Two days seem to be the most remembered in the life of a university student—matriculation and convocation. Apart from the few whose parents visit regularly to babysit, for most persons, those two days are the only days their parents and other relatives would ever set their feet on the university campus to see them.
Quite a few students are like me, with parents that missed both events. So we revere in the aura spawned by the friends we have around us. Friends with whom we faced the same challenges and stood victorious at the end.
By a twist of cruel misfortune, my department was scheduled to have physics practical on the day of matriculation. Despite the university management’s expectation that all matriculating students were to be in the Amphitheatre, the handlers of the practical course dared us to miss the practical class. All our pleas were ignored, as they were intent on continuing their annual tradition of wrecking matriculation day for the students of at least two departments.
So on Monday 2nd February 2009, while others were brimming with smiles during the matriculation ceremony, my classmates and I were tinkering with physics laboratory apparatuses. We were released for a short while to quickly get to the Amphitheatre, collect the matriculation form and return to the lab. Thanks to the practical charade, I only have one picture to show for my matriculation. A picture that was taken in the evening, with my much-unwanted trademark frown.
After matriculation, the tests started rolling in. Tests, assignments, exams; we got the full dose of Ife’s medicine. Everything was thrown at us, just as it was thrown at most other departments. We attended officially “illegal” 7am classes that we could not afford to miss, were bogged down with an overload of assignments and resorted to copying ourselves in order to meet the barrage of deadlines. We wrote an exam on a Sunday afternoon, wrote three papers on the Monday after, despite having papers on the Thursday, Friday and Saturday preceding that Sunday, and completed the series with a paper on Tuesday.

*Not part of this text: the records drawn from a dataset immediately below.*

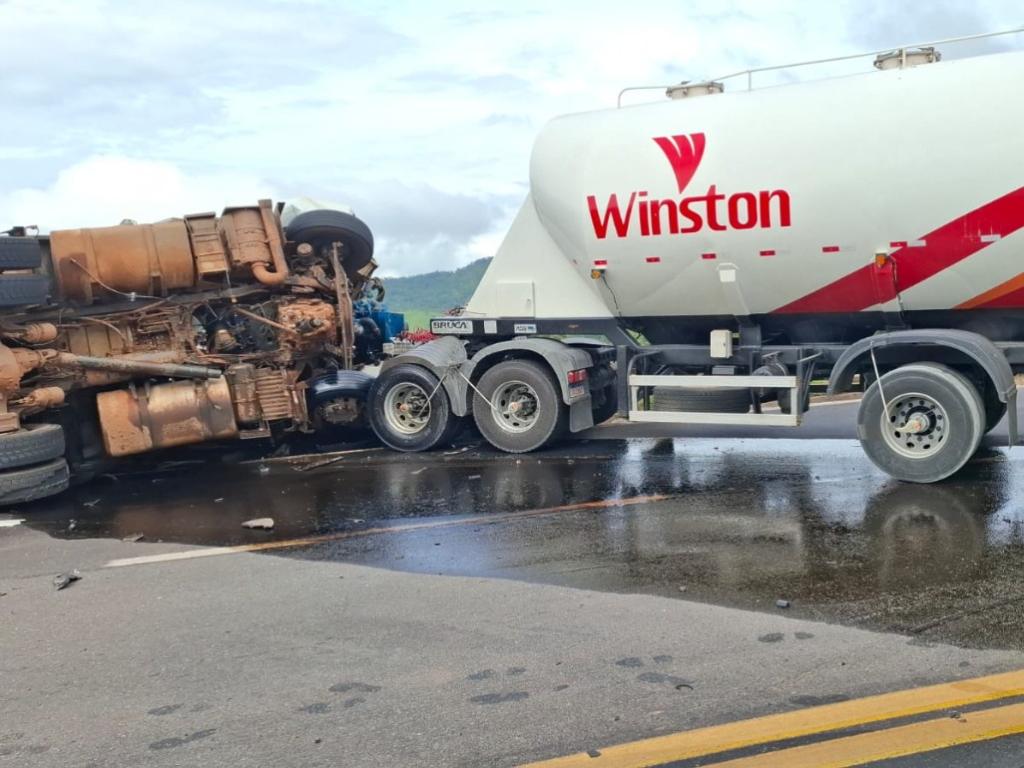 Batida entre três carretas mobiliza resgate aéreo e bloqueia BR-381 em Monlevade
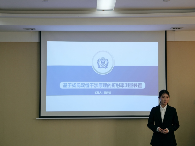 本次大赛面向物理学院全体在校学生,按照比赛规则,分别由高教主赛道和“青年红色筑梦之旅赛道”两大赛道同学上台展示。比赛现场,各团队依序登场,依据ppt讲解自己的计划与构思。在社会公益与教育帮扶、农业与环保科技、物理测量与仪器研发、社区基础建设等领域,同学们巧思设计,精取角度,着力创新。其中,基于杨氏双缝干涉原理的折射率测量装置这一创新项目的同学们在物理学科专业知识基础上,从实际实用角度对物理实验的基础测量仪器进行了更优化的创新。选手围绕项目创新点、实施路径、预期成果等内容,展开了精彩纷呈的介绍。参赛选手敏捷的思维和清晰的条理赢得了评委老师的赞扬,同时评委老师多角度考虑从可行性与前瞻性等为各项目提供优化的建议。
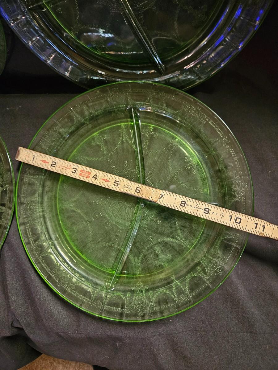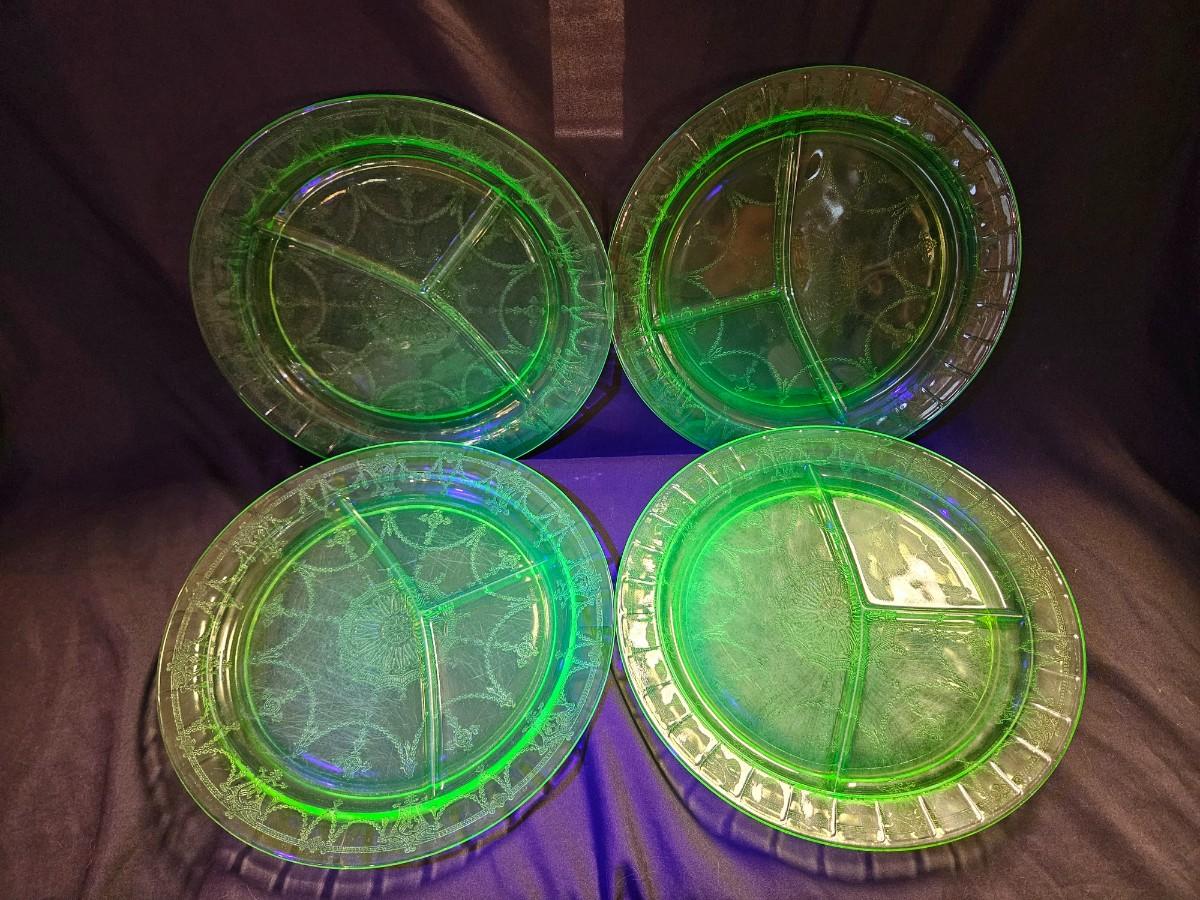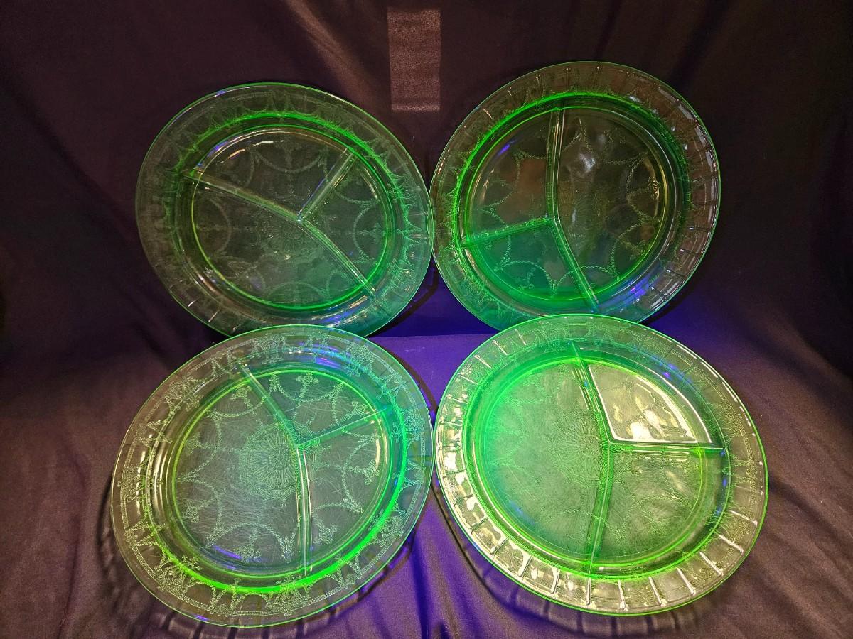 Vintage Set of 4 Uranium Green Depression Divided Plates

Together we proceeded from Part 1 (100L), through all the courses—university requirements, faculty requirements and departmental requirements. Along the line, we were sorted into the serious, the semi-serious and the unserious ones. Academics and extra-curricular activities stood at two ends of a spectrum, and we all chose where we wanted to fit in the spectrum. If being “social” meant partying, we were not anything near those from the “more social faculties”—law and social sciences. What would you expect from a class of about 85 engineering students with only three ladies! We bonded well as a class. At least the majority of us did, and it really helped us overcome challenges.
At the end of it all, one of us, Ademola Oridate, finished as the university’s best graduate, and the overall performance for our set was impressive. On Thursday, 11th December 2014, the journey that began on the 30th of November 2008 finally came to an end.
Now, no more trekking to the famed Spider Building, no more photocopying of numerous materials that made reading dreadful for some, no more assignments to submit, no more climbing in and out of Spider at night, and no more “intecu”—OAU’s hyper-fast wireless internet connection that made life so much easier.
At last, we convoked. The “Prime Movers”; Obafemi Awolowo University’s mechanical engineering class of 2013.